Sexual violence as a continuum affecting both women and men

The Syrian Commission of Inquiry documents sexual violence as a continuum which is used as an instrument of war, both against the bodies of women as well as men.[1]  Traditionally sexual violence has been seen as an issue which affects only women. While women suffer disproportionately from sexual violence, emerging documentation and analysis shows that men too are victims of sexual violence. The use of sexual violence against men is often a hidden crime because of the additional shame and stigma attached to sexual violence suffered by men. The documentation of the Commission of Inquiry has visibilized this aspect of sexual violence against men, used during armed conflict in its first, third, fifth, seventh, tenth and latest Report.

The Commission does not separate out sexual violence against men from sexual violence against women but rather sees the violence as a part of a continuum, inflicted to exercise power and destroy the autonomy of those the regime considers rebels and subversives be they men or women.

As the first report of the Commission noted

“Several testimonies reported the practice of sexual torture used on male detainees. Men were routinely made to undress and remain naked. Several former detainees testified to reported beatings of genitals, forced oral sex, electroshocks and cigarette burns to the anus in detention facilities… Several of the detainees were repeatedly threatened that they would be raped in front of their family and that their wives and daughters would also be raped”. [2]

The fifth Report of the Commission notes

“In the case of pro-government forces, sexual violence was committed during house searches, at checkpoints and in detention centres, often as part of interrogations by intelligence services. One woman detained in Latakia described how she was threatened with gang rape during her interrogation. She also described other detainees being stripped naked while subjected to electric shocks. In Branch 285, the rape and sexual abuse of male detainees by their interrogators was reported. There were no indications of action taken by senior commanders to investigate, prevent or punish acts of sexual violence”.[3]
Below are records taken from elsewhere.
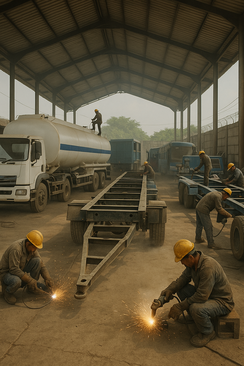 SUMO Karoseri melayani pembuatan trailer 20 feet dan 40 feet untuk kebutuhan angkutan logistik dan kontainer. Dibuat dengan rangka baja tebal, sistem pengelasan presisi, serta desain kuat dan tahan lama. Proses cepat, legalitas lengkap, dan siap kirim ke seluruh Indonesia.
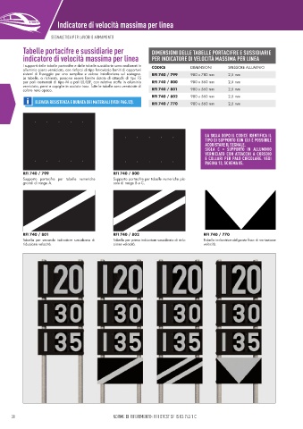 I supporti delle tabelle portacifre e delle tabelle sussidiarie sono realizzati in CODICE DIMENSIONI SPESSORE ALLUMINIO
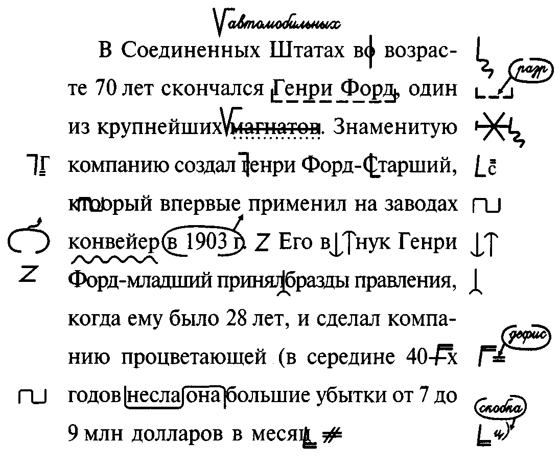 Для наглядности ниже приводится отрывок публицистического текста, исправленного с помощью вышеприведённых знаков.

The Seventh report of the Commission notes

“Sexual torture, including the tying of genitals, has been systematically perpetrated against men and boys in custody in Damascus, Homs and Aleppo. In November 2012, a man was raped in Al Khatib security branch, Damascus. In January 2013, at the Homs Security Branch, security agents beat and electrocuted the genitals of a 17-year-old boy and raped him while others watched… Men were tortured and raped on the grounds of their sexual orientation at government checkpoints in Damascus. In 2011, six homosexual men were beaten viciously with electric cables by security agents and threatened with rape. In October 2012, a man was stopped by security because his partner’s brother was a member of the FSA. The man was taken to a rural area, where cigarettes were stubbed on his body and he was gang raped”. [4]

The latest report of the Commission in September 2016 again reiterates the reality of sexual violence against men

“Male detainees are frequently subjected to sexual violence. Many stated that cellmates had been raped with objects and received electric shocks to their genitals. A man, held in an Air Force Intelligence branch in Hama in 2013, stated that cellmates had been raped with knives and other implements, which caused physical injuries. Another detainee, held in Dayr az-Zawr from mid-2011 to the spring of 2012, was stripped naked and hung by his wrists from the ceiling in a room with a female detainee, who was similarly naked and hung from her wrists. “We stood naked and humiliated in front of each other,” he said”.[5]

International law has only belatedly begun to recognise the fact that sexual violence  is an integral aspect of the three international crimes: crimes against humanity, war crimes and genocide. The jurisprudential breakthroughs were achieved in the decisions of the International Criminal Tribunals in Rwanda and Yugoslavia.

Key to this belated acknowledgement of sexual violence, has been the seminal Akayasu judgment, which came to the conclusion that the rape of Tutsi women  by Hutu militia was perpetrated with the specific intent to  destroy the Tutsi community and hence came within the definition of genocide.

“These rapes resulted in physical and psychological destruction of Tutsi women, their families and their communities. Sexual violence was an integral part of the process of destruction, specifically targeting Tutsi women and specifically contributing to their destruction and to the destruction of the Tutsi group as a whole… Sexual violence was a step in the process of destruction of the Tutsi group – destruction of the spirit, of the will to live, and of life itself”. [6]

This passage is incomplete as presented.